New Delhi: The country’s department of pharmaceuticals plans to provide financial assistance to micro, small and medium enterprises, or MSMEs, in the pharmaceutical sector for upgrading their facilities to meet manufacturing rules laid down by the ministry of health and family welfare, according to two government officials.
“Under this scheme, the MSMEs will get subsidy from us, under the department of MSME’s credit-linked capital subsidy scheme... Currently, the subsidy for pharmaceutical manufacturers is not enough,” said Ashok Kumar, secretary, department of pharmaceuticals under the ministry of fertilizers, chemicals and petrochemicals.
“We are holding discussions with the department of MSME and the scheme should be finalized by the end of this month or early April,” Kumar added.
This move comes after a parliamentary panel submitted a report in February on the amendment to so-called good manufacturing practices outlined in Schedule M of the Drugs and Cosmetics Rule, that is aimed at ensuring that manufacturing units comply with global standards of production.
“Of course, the recommendations of the standing committee will also be looked into. The health ministry has also conveyed to us that it has no objection to our scheme,” Kumar said.
The department of MSME currently gives subsidy to small and medium enterprises, or SMEs, but, following the implementation of the revised Schedule M in 2005, this subsidy of up to Rs15 lakh has proved insufficient considering the changes various manufacturing units have to make.
In fact, within a year after its implementation in 2005, 185 MSMEs closed down in Maharashtra and 89 in Haryana.
“After that additional licences to manufacture were not renewed for units if they didn’t comply with Schedule M. So, many more closed down but that has not been documented,” said Jagdeep Singh, secretary general, SME Pharma Industries Confederation, or SPIC, an industry group.
“For the proposed scheme, we have to continue to have discussions (with the department of pharmaceuticals) and we are going to have discussions in the next week too,” a senior official involved in the discussions at the department of MSME said on condition of anonymity.
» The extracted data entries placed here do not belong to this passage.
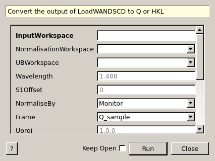 | Frame | Input | string | Q_sample | Selects Q-dimensions of the output workspace. Allowed values: [‘Q_sample’, ‘HKL’] |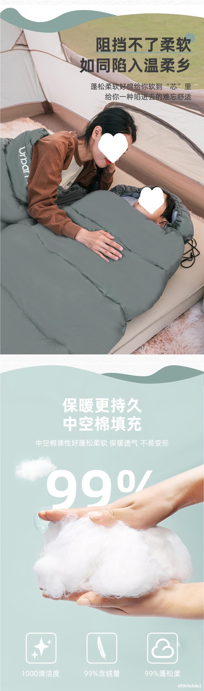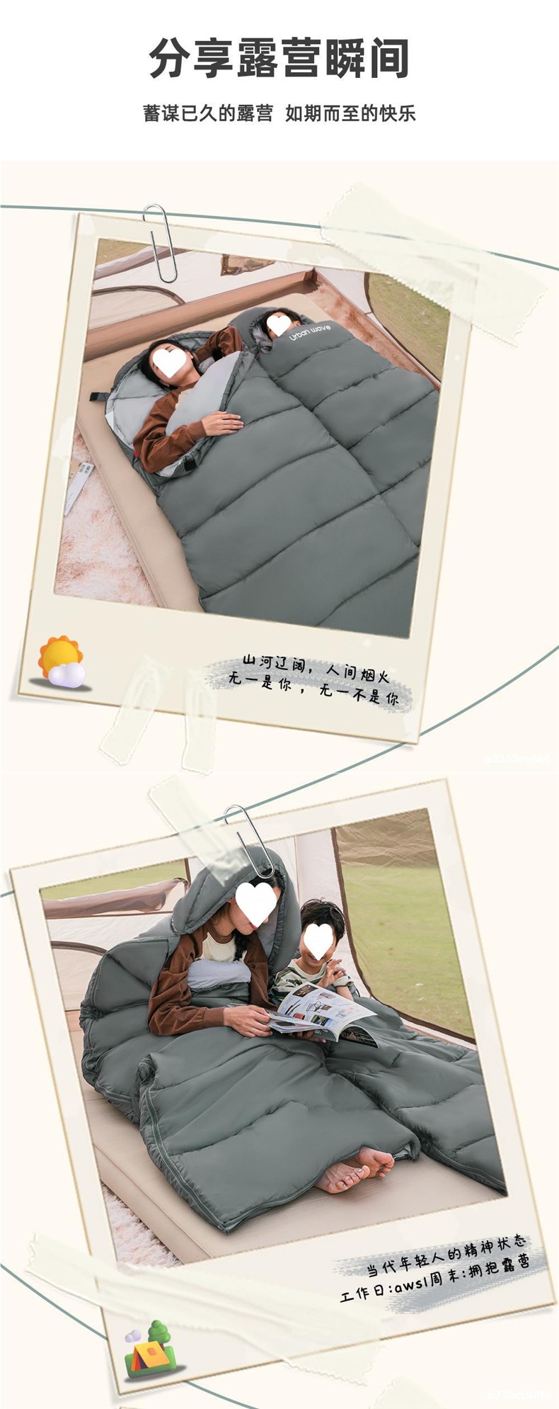 시티 웨이브 침낭 가을 겨울 성인 두꺼운 방한 겨울 더블 침낭 캠핑 야외 사무실 점심 시간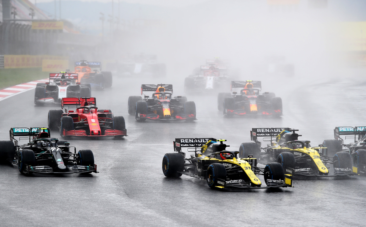 Formula One F1 - Turkish Grand Prix - Istanbul Park, Istanbul, Turkey - November 15, 2020 Mercedes' Valtteri Bottas, Renault's Esteban Ocon and Renault's Daniel Ricciardo in action at the start of the race REUTERS/Tolga Bozoglu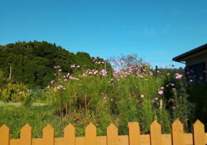 右: 我が家の物干しから見たコスモスはとても綺麗です。ハレーション起こして色が飛んでしまいました。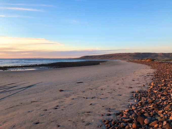 We had arrived with an hour or two of daylight left, and walked down to the beach. I decided Aimee should come, which made our walk short-lived as she still doesn’t really like the beach. Having returned her to the van, we headed back out to wander down the coastline, littered with lobster carcasses and also a dead and slightly liquid seal. I was quite happy to find some rather good shells though. As with many times on this trip, it’s probably a good thing that we live in a very small camper as I would no doubt acquire a lot more tat otherwise.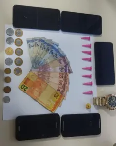 Com um deles foi localizado 1,7 grama de crack e durante vistoria na casa foi localizado mais 8 pinos cheios de cocaína , totalizando 6,1 gramas. A droga estava escondida na cozinha, dentro de um pote com arroz.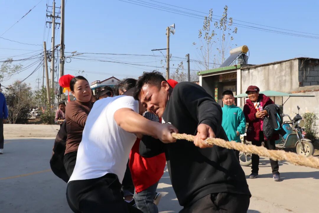 比赛,最激烈的当属集体拔河了,为了引导群众树立团结一心、相亲相爱的集体意识和协作精神,本次运动会将集体拔河搬上了赛程。村民们自告奋勇,踊跃参加,大家相互商讨作战技巧,彼此加油鼓励,拼劲全力的选手们一度让比赛呈现焦灼的僵持状态,全场的呐喊声更是此起彼伏、热闹沸腾。三轮比赛过后,大家握手言和、笑语相迎,邻里一家亲的和谐感在这刻得到了最好的印证。
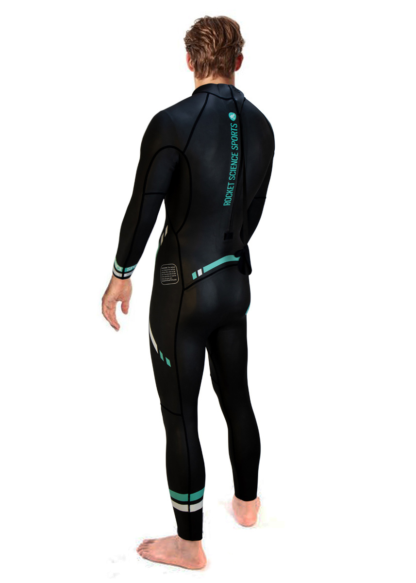 The new Men’s ONE Wetsuit from Rocket Science is a must have for any aspiring triathlete. This Rocket Science wetsuit with vibrant blue stripes, has been designed and constructed with three different neoprene thicknesses to make the suit comfortable and allows it to stretch where it matters most.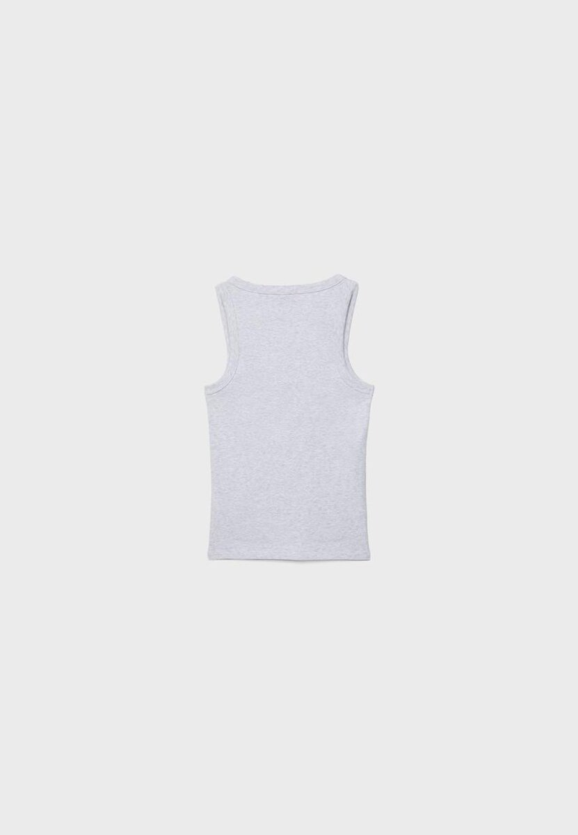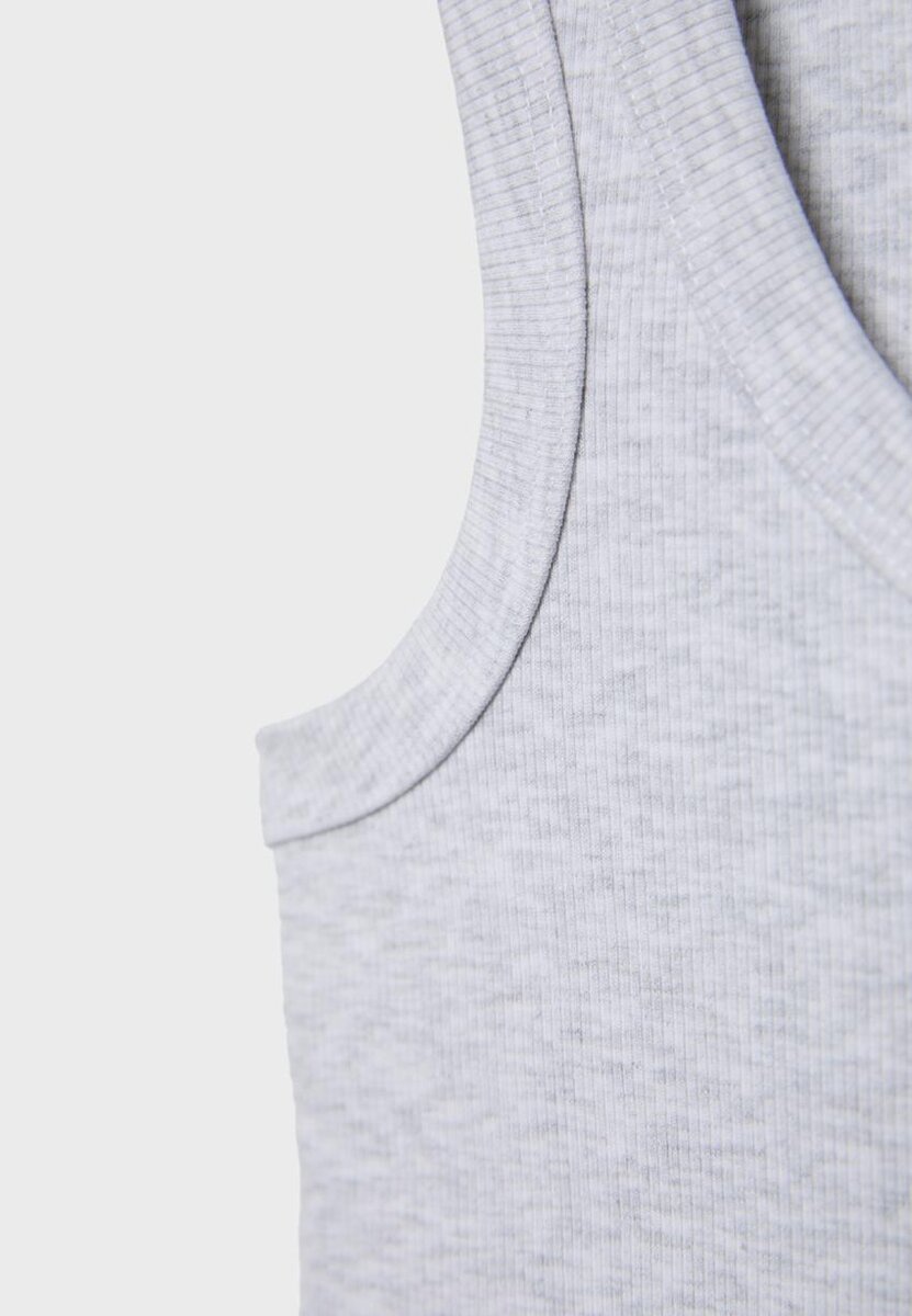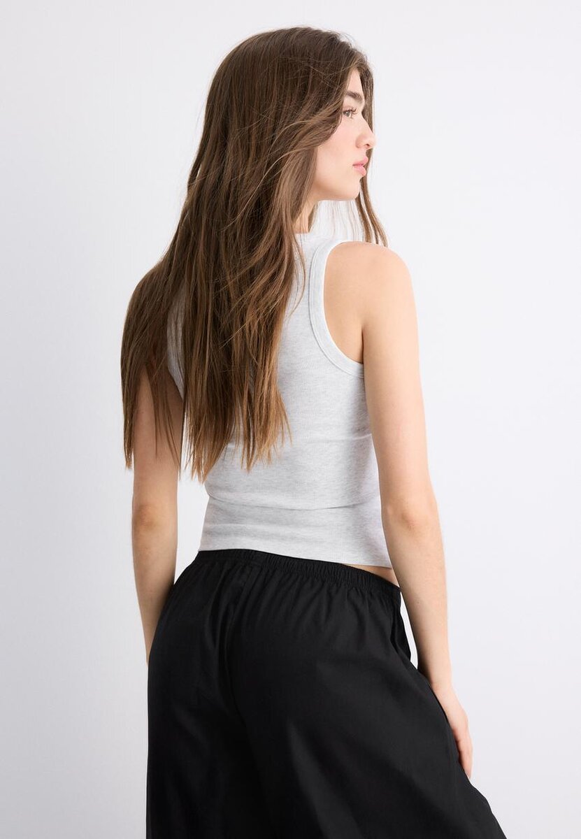 Přiléhavé tričko s racerbackem a kulatým výstřihem. Detail žebrovaného materiálu.

In a submission to the parliamentary panel, the health ministry said that “on an average, 80% of Schedule M norms require change of mind set of technical persons… This does not call for any investment but requires good documentation. The rest 20% requires change in infrastructure facilities which may involve some financial investment”.
But small-scale industrialist argue that revised Schedule M rules are tough to implement without financial assistance. “It is clear that the government does not want to compromise on quality, but they have to realize that Schedule M is very general and difficult for SMEs to implement,” said T.S. Jaishankar, chairman, Confederation of Indian Pharmaceutical Industry.
Regulatory experts also argue that the 20% change required in infrastructure includes additional space requirement, which is not possible for many units.
“You cannot have a rule which is retrospective. Compared with the old schedule M, the amended one has so many structural and location changes. We have no problem with equipment changes and technological changes but just the infrastructural changes can cost anything between Rs1 crore and Rs3 crore,” said Chandra M. Gulati, editor, Monthly Index of Medical Specialities.
Currently, the subsidy available under the department of MSME’s subsidy scheme provides just for modernization and technology upgrade in small sector, not infrastructure expenses.
“Isolated decisions without collective responsibility within various government departments are responsible for policies gradually leading to elimination of small and medium pharma units in its contribution towards providing quality medicines at affordable prices,” said Lalit Jain, vice-chairman, SPIC, adding the government needed to take a stance that is in public interest.